Peter Ralph
Advanced Biological Statistics
From Logan:
To investigate density-dependent grazing effects of sea urchin Andrew and Underwood (1993) on filamentous algae measured the percentage of filamentous algae within five quadrats randomly positioned within each of four random patches of reef that were in turn nested within four sea urchin density treatments (no urchins, 33% of natural density, 66% natural density and 100% natural density). The sea urchin density treatment was considered a fixed factor and patch within density treatment as well as the individual quadrats were treated as random factors.
andrew_data <- read.table('../Datasets/Logan_data/andrew.tsv', header=T, sep='\t')
head(andrew_data)
## TREAT PATCH QUAD ALGAE
## 1 0% 1 1 46
## 2 0% 1 2 44
## 3 0% 1 3 41
## 4 0% 1 4 29
## 5 0% 1 5 11
## 6 0% 2 1 65
There are four variables: TREAT
, PATCH
,
QUAD
and ALGAE
Main effect factor: TREAT
## , , TREAT = 0%
##
## QUAD
## PATCH 1 2 3 4 5
## 1 1 1 1 1 1
## 2 1 1 1 1 1
## 3 1 1 1 1 1
## 4 1 1 1 1 1
## 5 0 0 0 0 0
## 6 0 0 0 0 0
## 7 0 0 0 0 0
## 8 0 0 0 0 0
## 9 0 0 0 0 0
## 10 0 0 0 0 0
## 11 0 0 0 0 0
## 12 0 0 0 0 0
## 13 0 0 0 0 0
## 14 0 0 0 0 0
## 15 0 0 0 0 0
## 16 0 0 0 0 0
##
## , , TREAT = 33%
##
## QUAD
## PATCH 1 2 3 4 5
## 1 0 0 0 0 0
## 2 0 0 0 0 0
## 3 0 0 0 0 0
## 4 0 0 0 0 0
## 5 1 1 1 1 1
## 6 1 1 1 1 1
## 7 1 1 1 1 1
## 8 1 1 1 1 1
## 9 0 0 0 0 0
## 10 0 0 0 0 0
## 11 0 0 0 0 0
## 12 0 0 0 0 0
## 13 0 0 0 0 0
## 14 0 0 0 0 0
## 15 0 0 0 0 0
## 16 0 0 0 0 0
##
## , , TREAT = 66%
##
## QUAD
## PATCH 1 2 3 4 5
## 1 0 0 0 0 0
## 2 0 0 0 0 0
## 3 0 0 0 0 0
## 4 0 0 0 0 0
## 5 0 0 0 0 0
## 6 0 0 0 0 0
## 7 0 0 0 0 0
## 8 0 0 0 0 0
## 9 1 1 1 1 1
## 10 1 1 1 1 1
## 11 1 1 1 1 1
## 12 1 1 1 1 1
## 13 0 0 0 0 0
## 14 0 0 0 0 0
## 15 0 0 0 0 0
## 16 0 0 0 0 0
##
## , , TREAT = 100%
##
## QUAD
## PATCH 1 2 3 4 5
## 1 0 0 0 0 0
## 2 0 0 0 0 0
## 3 0 0 0 0 0
## 4 0 0 0 0 0
## 5 0 0 0 0 0
## 6 0 0 0 0 0
## 7 0 0 0 0 0
## 8 0 0 0 0 0
## 9 0 0 0 0 0
## 10 0 0 0 0 0
## 11 0 0 0 0 0
## 12 0 0 0 0 0
## 13 1 1 1 1 1
## 14 1 1 1 1 1
## 15 1 1 1 1 1
## 16 1 1 1 1 1
Why is this wrong?
##
## Call:
## lm(formula = ALGAE ~ TREAT, data = andrew_data)
##
## Residuals:
## Min 1Q Median 3Q Max
## -39.20 -19.00 -1.30 12.72 57.45
##
## Coefficients:
## Estimate Std.
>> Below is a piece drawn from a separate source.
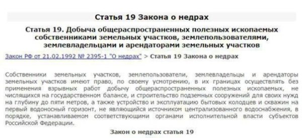 Tout propriétaire qui décide de réaliser un système d'approvisionnement en eau autonome sur un terrain personnel doit être conscient que toute utilisation du sous-sol du terrain est taxée ou soumise à accises par les autorités de l'État. Les puits artésiens font également partie des richesses, si le puits est construit en sable ou abyssin, vous n'avez pas besoin de payer d'impôt.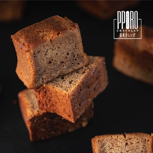 花月堂とラグノオの共同開発による赤レンガをイメージしたキャラメル味のチョコレートケーキです。

Error t value Pr(>|t|)
## (Intercept) 39.200 5.152 7.608 6.17e-11 ***
## TREAT33% -20.200 7.287 -2.772 0.0070 **
## TREAT66% -17.650 7.287 -2.422 0.0178 *
## TREAT100% -37.900 7.287 -5.201 1.62e-06 ***
## ---
## Signif. codes: 0 '***' 0.001 '**' 0.01 '*' 0.05 '.' 0.1 ' ' 1
##
## Residual standard error: 23.04 on 76 degrees of freedom
## Multiple R-squared: 0.2634, Adjusted R-squared: 0.2343
## F-statistic: 9.059 on 3 and 76 DF, p-value: 3.362e-05
What we really want: \[ \text{(algae)} = \text{(mean for treatment)} + \text{(mean offset for patch)} + \text{("noise")} . \]
We could do:
ALGAE ~ TREAT + PATCH
… but do we care about all those patch means?
##
## Call:
## lm(formula = ALGAE ~ TREAT + PATCH, data = andrew_data)
##
## Residuals:
## Min 1Q Median 3Q Max
## -36.80 -2.60 -0.50 4.25 42.20
##
## Coefficients: (3 not defined because of singularities)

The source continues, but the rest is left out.